SUPPLIED INFORMATION:
::::
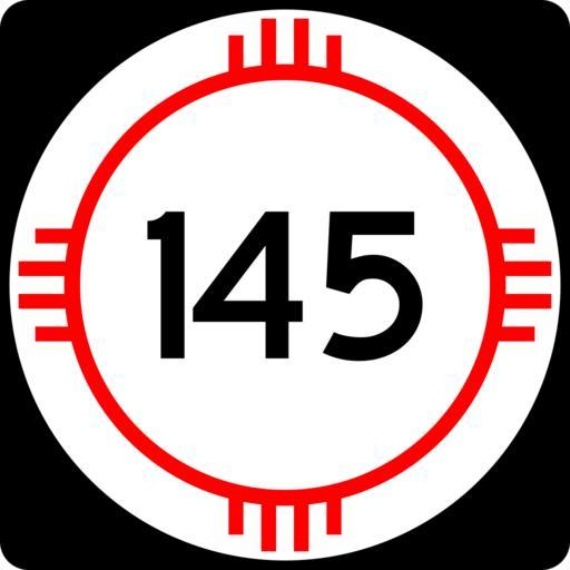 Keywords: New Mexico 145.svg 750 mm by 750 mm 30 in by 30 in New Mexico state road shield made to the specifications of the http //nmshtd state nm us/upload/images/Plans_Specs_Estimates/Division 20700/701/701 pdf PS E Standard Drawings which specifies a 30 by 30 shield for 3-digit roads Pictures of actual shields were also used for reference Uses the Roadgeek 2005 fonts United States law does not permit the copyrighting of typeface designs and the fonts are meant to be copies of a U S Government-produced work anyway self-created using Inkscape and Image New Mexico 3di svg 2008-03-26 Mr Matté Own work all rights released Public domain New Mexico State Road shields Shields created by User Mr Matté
::::
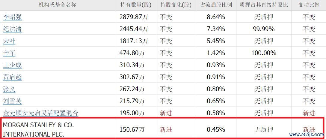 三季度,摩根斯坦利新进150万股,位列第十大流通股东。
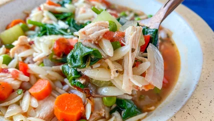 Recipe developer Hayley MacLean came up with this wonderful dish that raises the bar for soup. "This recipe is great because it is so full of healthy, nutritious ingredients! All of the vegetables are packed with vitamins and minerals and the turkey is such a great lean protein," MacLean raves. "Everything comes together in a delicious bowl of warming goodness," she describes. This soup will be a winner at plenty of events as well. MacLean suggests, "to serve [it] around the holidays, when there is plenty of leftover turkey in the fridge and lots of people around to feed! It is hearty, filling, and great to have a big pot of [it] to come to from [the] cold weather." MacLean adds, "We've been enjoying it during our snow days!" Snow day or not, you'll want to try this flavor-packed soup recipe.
::::
PROBLEM REQUIREMENTS:
Give again the stretch of the entries above that begins at the line with "三季度,摩根斯坦利新进150万股,位列第十大流通股东。" and ends at the line with "Recipe developer Hayley", word for word, with no pictures.

SOLUTION TO THIS EXERCISE:
 三季度,摩根斯坦利新进150万股,位列第十大流通股东。
 Recipe developer Hayley MacLean came up with this wonderful dish that raises the bar for soup. "This recipe is great because it is so full of healthy, nutritious ingredients! All of the vegetables are packed with vitamins and minerals and the turkey is such a great lean protein," MacLean raves. "Everything comes together in a delicious bowl of warming goodness," she describes. This soup will be a winner at plenty of events as well. MacLean suggests, "to serve [it] around the holidays, when there is plenty of leftover turkey in the fridge and lots of people around to feed! It is hearty, filling, and great to have a big pot of [it] to come to from [the] cold weather." MacLean adds, "We've been enjoying it during our snow days!" Snow day or not, you'll want to try this flavor-packed soup recipe.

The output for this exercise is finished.